でも、嬉しさの中に微かな違和感を見つけた。
「先輩、なんだか……濡れてませんか?」
ぽつ、ぽつと顔に落ちてくる水滴。それは尋音先輩の毛先から伝わった雫で、見上げると先輩の髪はしっとりと濡れていた。いつもと同じ色だと思っていたけれど、近くでよく見れば少しだけ濃い色をしている。
「ああ、シャワー浴びてきたから」
「そんなの家に帰ってからで良いじゃないですか!」
「せっかく一緒にいるなら、嫌な気持ちにはさせたくないなぁ、と」
「いや、だから……って、さっきから何の話をしてるんですか?」
上手く噛み合わない会話を不思議に思ったのは、俺だけではないらしい。なぜなら、俺と同じように、香西も顔中に疑問符を浮かべていたからだ。今回も尋音語をわからない俺たちに、当人は至って真面目に答えてくれる。

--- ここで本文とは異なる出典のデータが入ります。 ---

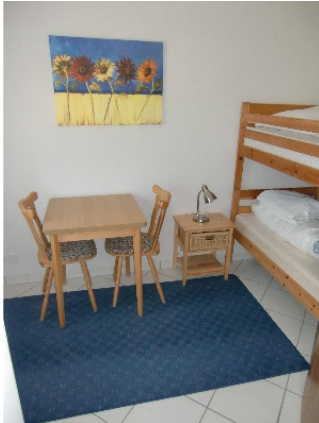
Das Schlafzimmer 3 mit Etagenbett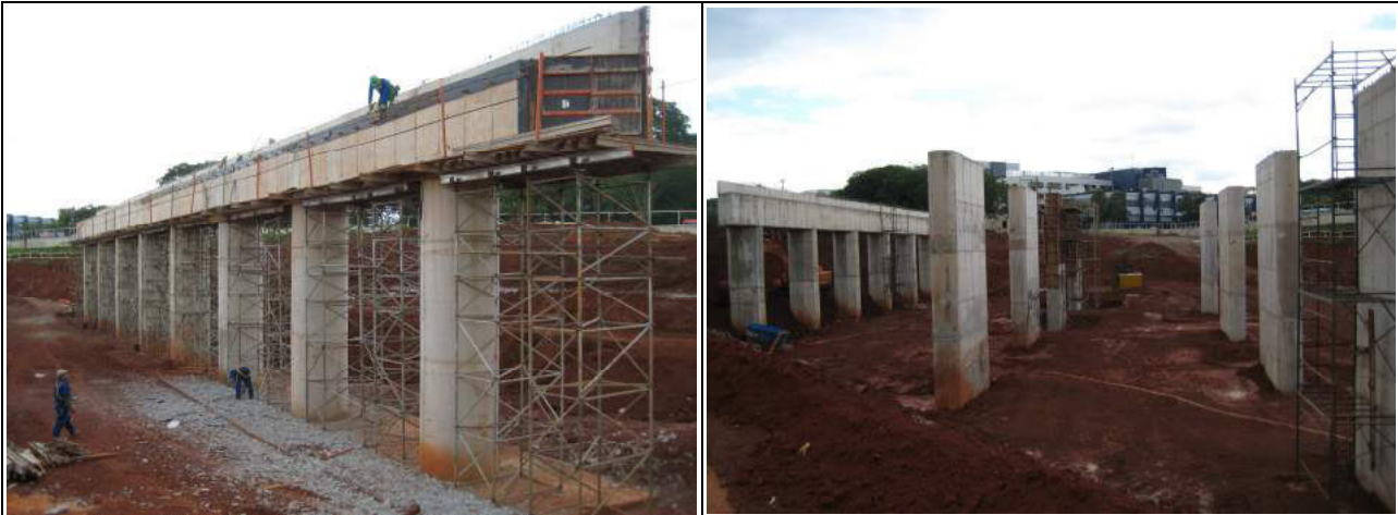
Retomada das obras de construção do viaduto de interseção da Estrada Setor Policial - ESPM com a via W3-Sul - Brasília/DF, CT 034/2013, em andamento.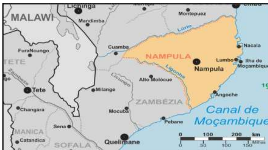
Carte 4. La ville de Nampula sur la carte de la province de Nampula

Administrativement, la ville de Nampula est une municipalité, mais elle n'appartient pas au district rural de Nampula. L'expansion entière de la ville se fait aux dépens de cette entité administrativement différente (Araújo 2005, p. 210). Elle se compose de 6 postes administratifs, à savoir: Central, Muatala, Muhala, Namicopo, Natikire et Napipine, qui englobent 18 quartiers (Araújo 2005).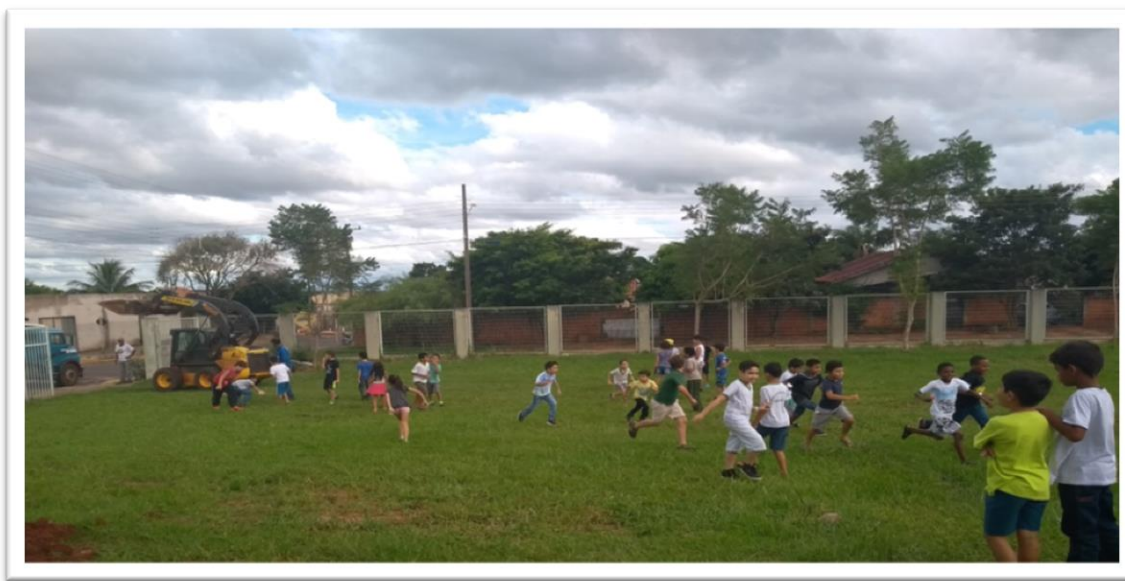
Figura 9: As brincadeiras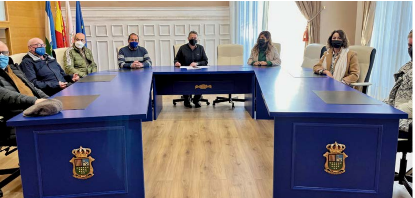
Momento de la entrega de premios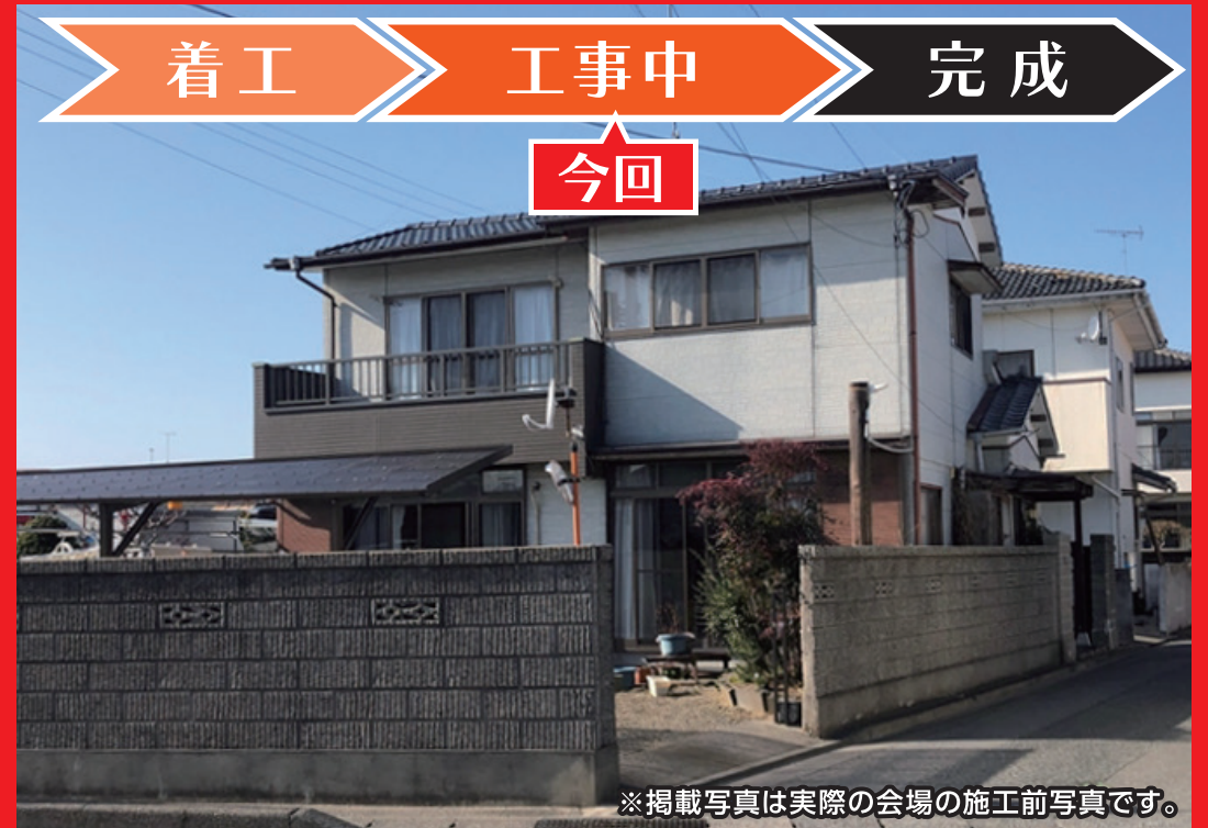
※掲載写真は実際の会場の施工前写真です。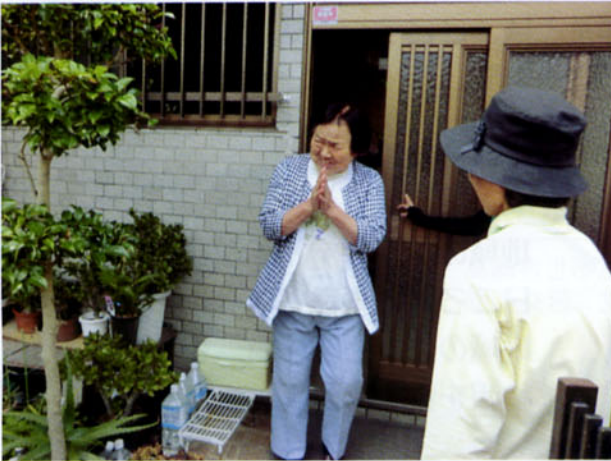
また来てくれたん、うれしいわあ！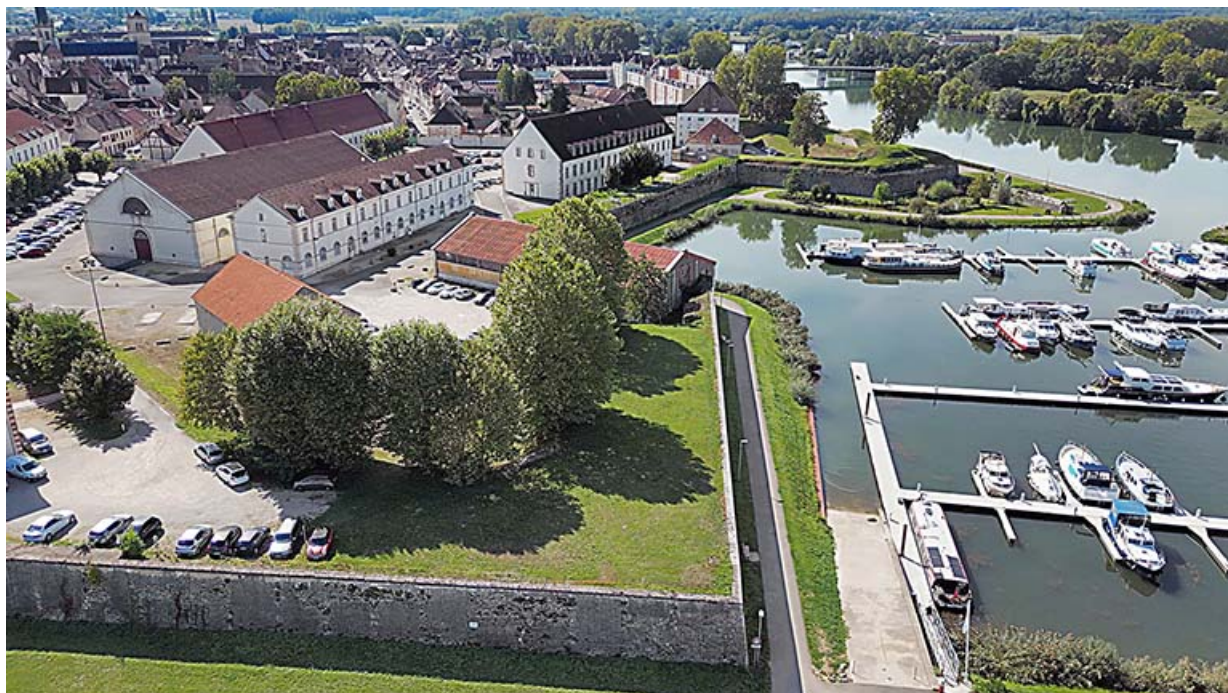
Vue aérienne du bastion et de celui du Bechaux.

「ミィちゃんは黒よりこの色の方が好きでしょ?だから戻してきた」
「なん……まさか。まさか俺の為、ですか?俺がそっちの色の方が好きだと思ったから、わざわざシャワー浴びて落としてきたんですか?」
「うん。今日はいつもよりミィちゃんの表情が暗かったから。あと、脈拍数も少なかったような気がして」
こくん、と頷いた先輩が今度は不思議顔になった。これには俺も香西も、お手上げだ。
突然の行動とその理由に呆れて手で顔を覆う俺たち2人に、尋音先輩が首を傾げる。尋音先輩に常識は通用しないのだと、改めて感じた。
「尋音。やっぱお前頭おかしいわ。判断基準が脈って……ついて行けそうにない」
尋音先輩に俺を奪われ、空いた手で香西が頭をかく。俺よりもさらに呆れ返っている香西に、先輩はやっと視線を向けた。
「香西。誰の許可があって、この子に触ってんの?」
「ポチに触るのに許可がいんのかよ……ああ、そういうことか。お前ら2人で抜け出す気か」
尋音先輩と軽く話した後、今度はにやにやとし始めた香西。その頭の中で考えているのは、きっと下世話で良くないことばかりだろう。
「なーるほど。柳、身体に巻くリボンは用意したか?」
「リボン?」
何のことだろうと考えてみるけれど、その答えを見つける前にフライングで返事がきた。
「あれやるんだろ?プレゼントは俺ってやつ」
……ほらな。色ボケゴリラの頭の中には、まともなモノなんて詰まってないんだ。